#### Exercise input ####

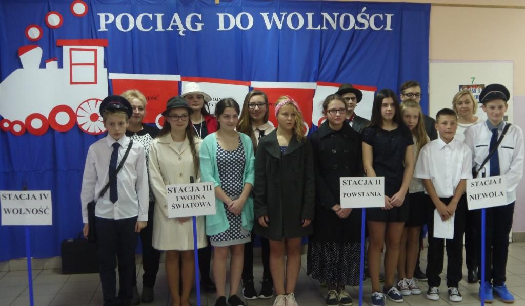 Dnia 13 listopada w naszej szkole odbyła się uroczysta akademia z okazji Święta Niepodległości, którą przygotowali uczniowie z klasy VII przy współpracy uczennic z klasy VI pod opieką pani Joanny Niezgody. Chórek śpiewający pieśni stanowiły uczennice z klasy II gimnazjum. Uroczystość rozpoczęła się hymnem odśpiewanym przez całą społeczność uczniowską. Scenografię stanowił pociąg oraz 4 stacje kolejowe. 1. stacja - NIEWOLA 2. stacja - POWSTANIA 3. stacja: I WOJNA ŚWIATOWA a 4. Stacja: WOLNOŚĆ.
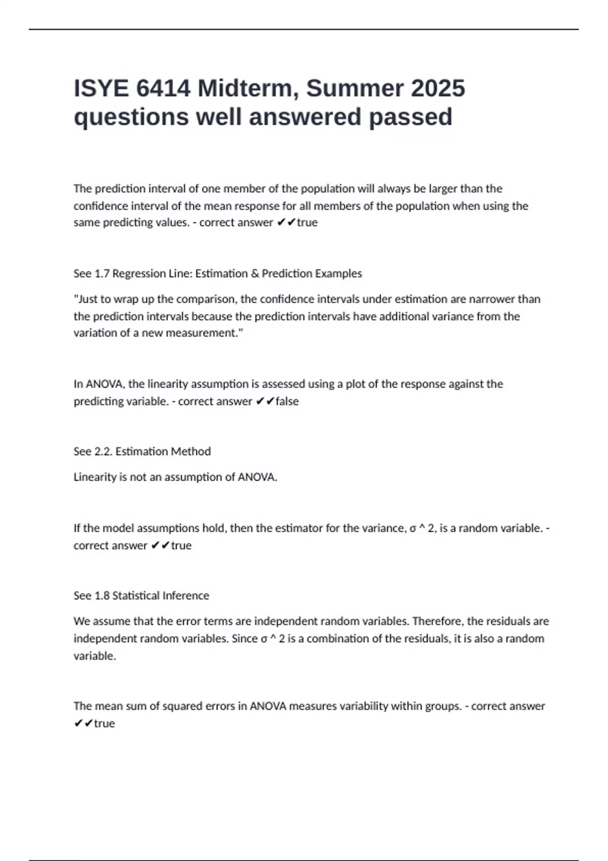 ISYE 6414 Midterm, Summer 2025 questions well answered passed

####
#### Exercise input ####

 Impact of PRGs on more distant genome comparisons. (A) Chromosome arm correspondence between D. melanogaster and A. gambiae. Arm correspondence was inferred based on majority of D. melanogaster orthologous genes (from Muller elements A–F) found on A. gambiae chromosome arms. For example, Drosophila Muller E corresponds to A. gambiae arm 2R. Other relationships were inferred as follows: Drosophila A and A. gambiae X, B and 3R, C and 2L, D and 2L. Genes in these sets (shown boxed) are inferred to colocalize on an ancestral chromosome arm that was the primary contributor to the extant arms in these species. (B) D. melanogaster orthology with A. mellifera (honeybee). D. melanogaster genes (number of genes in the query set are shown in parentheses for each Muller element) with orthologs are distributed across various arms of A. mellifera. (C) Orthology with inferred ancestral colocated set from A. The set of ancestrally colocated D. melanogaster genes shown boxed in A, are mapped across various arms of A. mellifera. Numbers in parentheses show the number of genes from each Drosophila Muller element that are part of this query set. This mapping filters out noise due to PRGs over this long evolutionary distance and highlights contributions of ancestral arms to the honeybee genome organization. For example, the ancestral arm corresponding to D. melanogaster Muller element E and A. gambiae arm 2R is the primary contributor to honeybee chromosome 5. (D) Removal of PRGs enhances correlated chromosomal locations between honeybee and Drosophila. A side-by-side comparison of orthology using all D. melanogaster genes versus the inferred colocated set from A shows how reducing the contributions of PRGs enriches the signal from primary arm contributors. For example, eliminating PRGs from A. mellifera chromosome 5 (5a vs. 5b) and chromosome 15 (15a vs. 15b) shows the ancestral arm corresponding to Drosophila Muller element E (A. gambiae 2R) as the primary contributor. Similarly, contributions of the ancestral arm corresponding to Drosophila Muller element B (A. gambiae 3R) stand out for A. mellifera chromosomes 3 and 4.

####
#### Exercise input ####

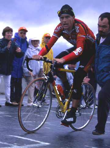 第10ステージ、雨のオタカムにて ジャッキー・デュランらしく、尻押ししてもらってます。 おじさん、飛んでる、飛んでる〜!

####

# Required work:
Reproduce exactly the lines above that run from the one with "Dnia 13 listopada" to the one with "ISYE 6414 Midterm, Summer", both included, leaving pictures out.

# Problem solution:
 Dnia 13 listopada w naszej szkole odbyła się uroczysta akademia z okazji Święta Niepodległości, którą przygotowali uczniowie z klasy VII przy współpracy uczennic z klasy VI pod opieką pani Joanny Niezgody. Chórek śpiewający pieśni stanowiły uczennice z klasy II gimnazjum. Uroczystość rozpoczęła się hymnem odśpiewanym przez całą społeczność uczniowską. Scenografię stanowił pociąg oraz 4 stacje kolejowe. 1. stacja - NIEWOLA 2. stacja - POWSTANIA 3. stacja: I WOJNA ŚWIATOWA a 4. Stacja: WOLNOŚĆ.
 ISYE 6414 Midterm, Summer 2025 questions well answered passed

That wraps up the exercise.